Yes. So, 24-patient annual 14 efficacy evaluable, the 10 difference is that we had six patients that are currently ongoing, being treated, but haven’t reached their first scan. We had two patients at the time of data cutoff that were not dosed yet. And we had the two patients that we drew consent early, which are the same patients we mentioned at the last quarterly call. So, that’s the breakdown for the 10 patients.

Terrific. Thanks Philippe. And just one final one for us. As I evaluate the combo data and the response rates, can you help maybe define what would be – at what point do you kind of cut they or can you evaluate any different checkpoint or a different combination?

Yes. I think it’s hard for me to answer that question with exact numbers. I think what you want to see in general is you want to see something emerging from that, that is better than what you are seeing from the drug in monotherapy.
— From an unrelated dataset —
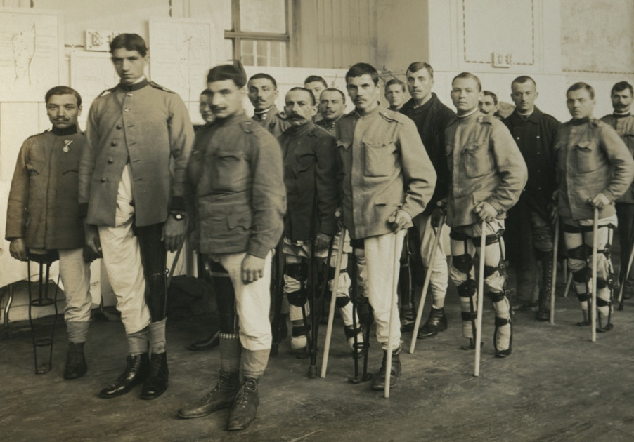 Vojnových invalidov, pracujúcich v dielňach, vykreslil istý prešporský spravodajca nasledovne: „v jednej z výstavných sál stoja aj samotní invalidní hrdinovia. Jánosovia Nagyovia a Péterovia Kisovia, bezmenní hrdinovia, ktorí alegorizujú vojnu a jej útrapy. Jeden z nich má na oboch nohách protézy, keby ich neukázal, ani by si to nikto nevšimol. Istému roľníkovi vyrobili umelú ruku, do ktorej môže uchopiť rýľ, motyku, kováč v ruke s kovovým hákom zviera kladivo a tak ďalej... každý dostane takú protézu, s akou dokáže vykonávať svoje remeslo, a o miestnosť ďalej sa už nachádzajú výstavné trhy: obrazy, topánky, kufre, košíky, dokonca majstrovské sochy, ktoré zhotovili invalidní hrdinovia tu, v našom meste. Bezruký vojak nebude viac páriom, bezprizorne sa túlajúcim po uliciach, pomohli mu nájsť cestu k práci, k víťaznému životu...“

You want to see a better benefit risk emerging or there is no sense going in combo unless there is a subset of patients who would are more likely to benefit from combination than they are for monotherapy. I think what we are seeing in combination therapy is maybe more of an [indiscernible] numbers, and that’s why we are really excited to get some more combination patients in to see what’s going on there because we would like to see efficacy at or above what you are seeing in monotherapy and not significant additive toxicity. I think that’s overall what we are looking for. So, we have not given up on the combo arm by any means. Of the four patients there, we do have a complete response. We have two patients who were on the study because of toxicity that I believe was before it was related to nivolumab. So, small numbers, let’s get another 4, 5, 6, up to 10 patients in that arm when we can take a look and see what’s there. But what is really sort of heartening to us is that you see four patients in monotherapy responding. Those patients all five patients have responded here are still in response and remain in the study, which is very, very encouraging as well. And the drug certainly seems to be active in monotherapy. And we got a little more work to do a few more patients in the combination side to make final determination there.

Prefect. Thanks very much for taking the questions and congrats.

Thank you.

And this concludes our question-and-answer session. I would like now to turn the conference back over to Scott Smith, President of BioAtla for any closing remarks.

Yes. Just thank you all very much for your time and attention. We are really proud of the progress that we have made, not only from Q2 to Q3, but this whole year. The year started off as a tough year for critical development from Omicron, COVID-19 perspective. But we thought through that, we remediated the pace of clinical development is going very well. The results are going very well. More than anything, I think when we take a look at the safety and efficacy data, the benefit risk that’s emerging here, at least for 3011 that we can – that we have got enough patients to make this assessment. You really seem to see the CAB technology playing out in the clinic. You see a side effect profile, which is very much in line with the idea of using technology to greatly eliminate to sort of really produce or eliminate on-target off-tumor toxicity and eliminate some of that baggage that you get with cancer antigens, which are very promising, but also exist on healthy tissue as well. So, we are seeing the CAB technology and move forward in the clinic. The execution has been well. We are really excited about moving 3011 into what could be a potential registrational study in UPS moving forward into part two of the lung study, and we are really excited about next year as well were two data coming, CTLA-4, data coming from the Phase 1/2 study there. And also, we should be bringing a CAB-EpCAM CAB-CD3 bispecific antimitotic by the end of this year and start of dosing that next year. So, we should have four candidates in the clinic next year and approximately 10 cancer indications. And we are really excited, not just about 3011, which we are very excited about, but the whole portfolio going forward. So, thank you all very much for your time and attention.